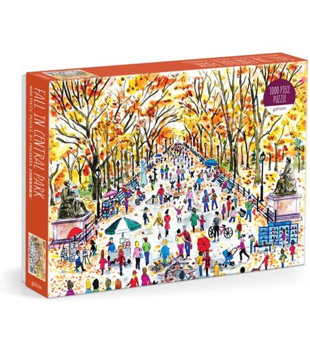 "Bestselling artist Michael Storrings captures the beauty of the leaves changing on the 18,000 trees of Central Park as they hit their peak of autumn's most vibrant colors. Michael StorringsFall in Central Park 1000 Piece Puzzlefrom Galison is packaged in matte-finish sturdy box, perfect for gifting, reuse, and storage. - 1000 pieces, Random cut - Box Size: 11.25 x 8.25 x 2"", 86 x 210 x 51 mm, Puzzle Size: 27 x 20"", 508 x 686 mm. - Includes Color Insert with Puzzle Image - Virtually No Puzzle Dust - Puzzle greyboard contains 90% recycled paper. Printed with nontoxic inks. " ...
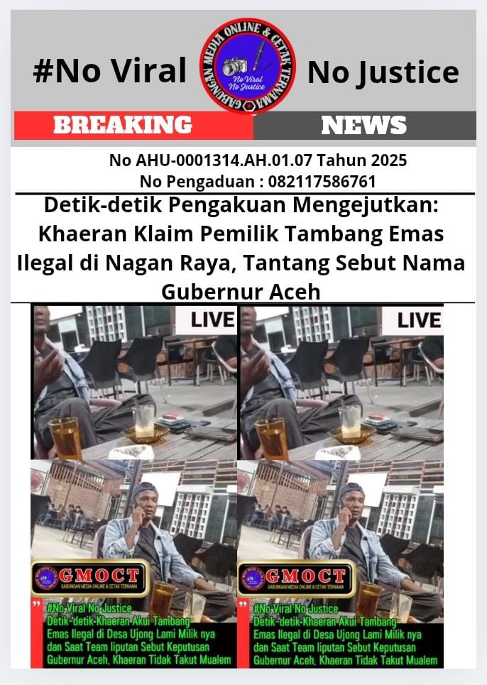 ACEH, kabarSBI.com (GMOCT) – Sebuah video pengakuan yang menghebohkan muncul dari seorang pria bernama Khaeran, yang secara terbuka mengaku sebagai pemilik tambang emas ilegal di Desa Ujong Lami, Kecamatan Darul Makmur, Kabupaten Nagan Raya, Provinsi Aceh. Pengakuan ini terungkap dalam pertemuan antara Khaeran dan tim liputan khusus GMOCT (Gabungan Media Online dan Cetak Ternama) di sebuah kafe di Meulaboh 12 Oktober 2025 sekitar pukul 23.06 WIB.
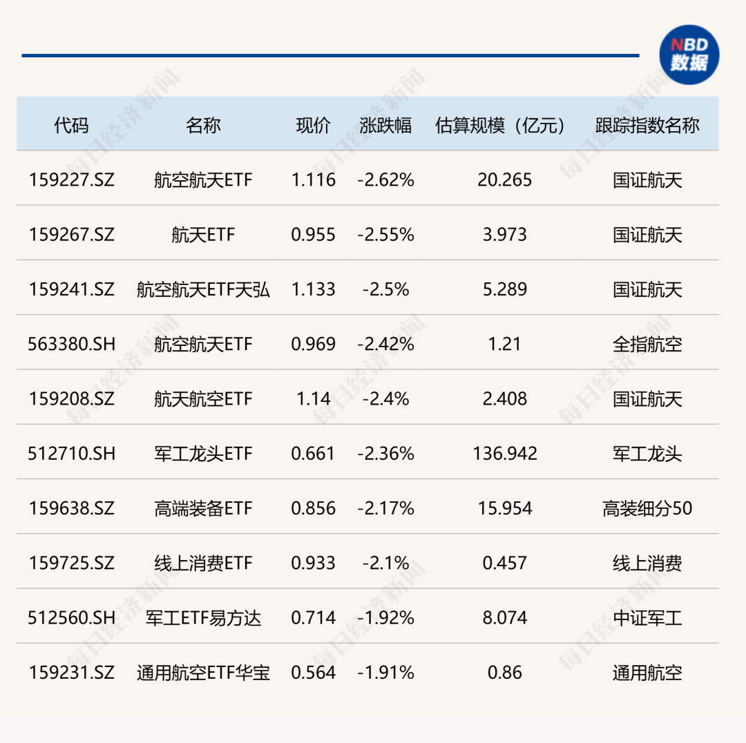 下跌方面,航空航天相关ETF跌超2%。
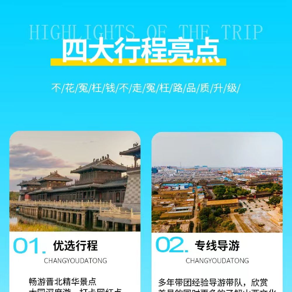 5.旅游的特殊性,不确定性。难免出现堵车,交通管制等问题,建议当天不要订往返大交通,若出现飞机火车高铁延误现状旅行社概不负责,敬请原谅!
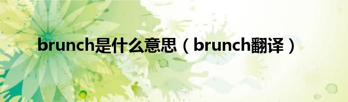 以上就是【brunch是什么意思,brunch翻译】相关内容。
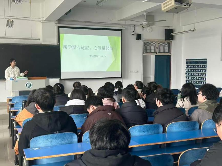 班会伊始,辅导员通过一段生动有趣的视频,直观地展现了新学期可能面临的各种挑战与变化,引发了大家对自身适应状态的思考。随后,辅导员详细讲解了一些常见的心理调适方法,从时间管理技巧到情绪调节策略,为同学们提供了实用的应对方案。并鼓励同学们在新学期保持乐观向上的心态,勇敢面对困难,积极寻求帮助,让“心”适应成为成长的助力,用“心”能量开启新的征程。
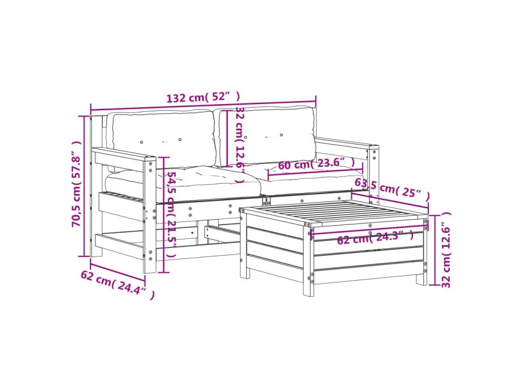 - Rozměry zahradní podnožky: 62 x 63,5 x 32 cm (Š x H x V)
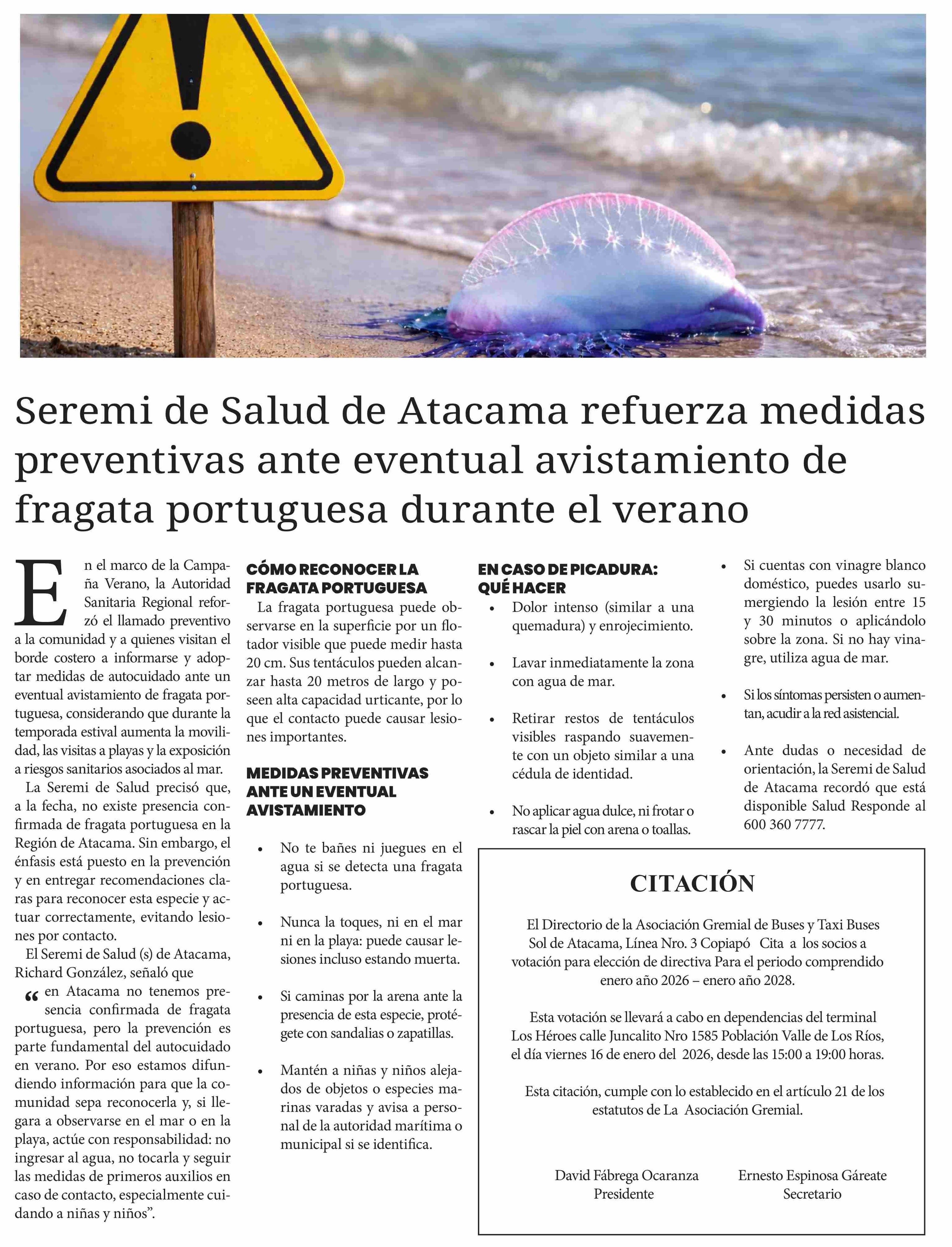 Seremi de Salud de Atacama refuerza medidas preventivas ante eventual avistamiento de fragata portuguesa durante el verano
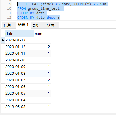 SELECT DATE(time) AS date, COUNT(*) AS num FROM group_time_test GROUP BY date ORDER BY date desc ;
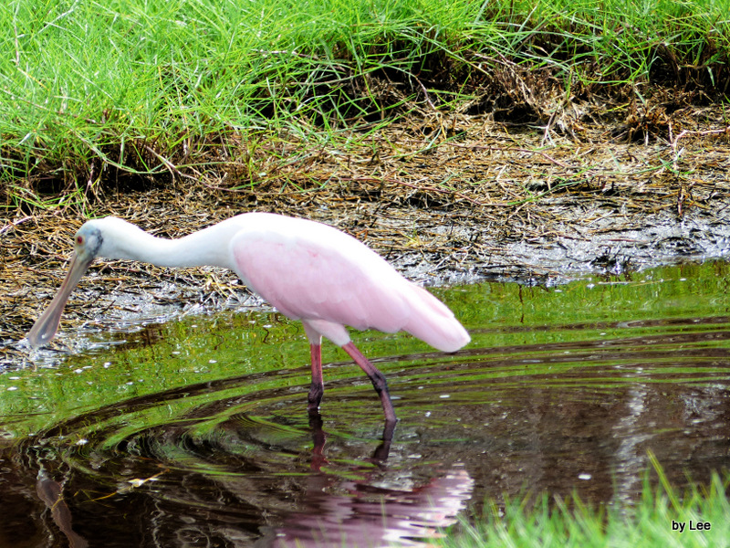 I’ve included a gallery of photos so you can see them better. If you look in the background, you will see many more of them. Also mixed in is another Roseate Spoonbill, Great Egrets, White Ibises and at least one Snowy Egret. When I zoomed in, the photos aren’t all that clear, but you can see the species.

---

◆ **Problem to work on**
Leave out all pictures and retype precisely the lines that run from the line containing "Seremi de Salud" to the last line of the records.

◆ **Solution to the problem**
 Seremi de Salud de Atacama refuerza medidas preventivas ante eventual avistamiento de fragata portuguesa durante el verano
 SELECT DATE(time) AS date, COUNT(*) AS num FROM group_time_test GROUP BY date ORDER BY date desc ;
 I’ve included a gallery of photos so you can see them better. If you look in the background, you will see many more of them. Also mixed in is another Roseate Spoonbill, Great Egrets, White Ibises and at least one Snowy Egret. When I zoomed in, the photos aren’t all that clear, but you can see the species.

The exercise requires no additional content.